The SCP Foundation is a fictional umbrella for the nightmares that haunt us and the ways we deal with them. Equal parts Wiki-based fiction community and cross-section of modern horror evolving in real time it’s an astonishing achievement and one that’s led to numerous spin-off projects. Here’s Gavia Baker-Whitelaw over at The Daily Dot with an excellent rundown of some of them, as well as what the SCP does.

And now, it has a podcast.

Created by Pacific S. Obadiah with a cast and crew including Vin Ernst, Michael Miller and Mather William the show takes everything you’d think wouldn’t work on audio and uses it to weave precise aural nightmares. What you get is an SCP file, detailing a subject under containment, what they are, how they were discovered and any offshoot research that their presence at the organization has led to. Names are redacted, most of the time, and the show makes a point of hinting at other files. Files which you can in turn look up and be drawn further in. This isn’t a ‘go here for bonus content!’ scam, far from it. Every episode is a door into the SCP itself. A door you don’t remember opening and one that will absolutely lock behind you.

What I’ve always loved about SCP as a concept is what I love about this show. It’s an idea I find myself encountering a lot, that of the ‘ragged singularity’. It’s not that the future is on the way, it’s that it’s continually arriving and in some cases has been here for a long, long time. The artifacts and creatures the SCP encounter, and that the show details, are often living proof of that. The future has teeth, the future is patient and the SCP’s job is to understand it before it can attack. That’s vastly compelling, and the show captures that tone perfectly.

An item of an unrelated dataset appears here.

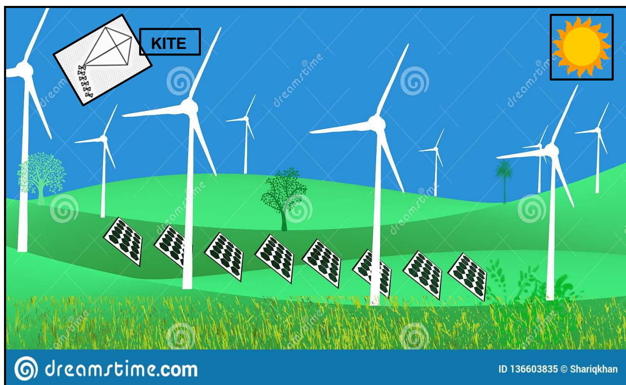
FIGURE 2.5: NON CONVENTIONAL SOURCES OF ENERGY

Any episode is a good jumping on point but for me, the highlight so far has been SCP-049-The Plague Doctor. The story of a polite, well-educated French doctor who is not even a little human anymore it features a superb central turn from Karim Kronfi as SCP-049 and an able foil in Audrey Cassil’s Doctor Hamm. It’s also worth noting the show clearly works extremely hard on representation, and the way Doctor Hamm’s character is presented was as impressive as it was welcome.

The SCP Archives is clever, versatile horror audio that combines the format of it’s text with the format of it’s delivery to create something that feels streamlined, clever and deeply unsettling. It’s one of my favorite podcasts right now and you can find it here and on all good podcatchers.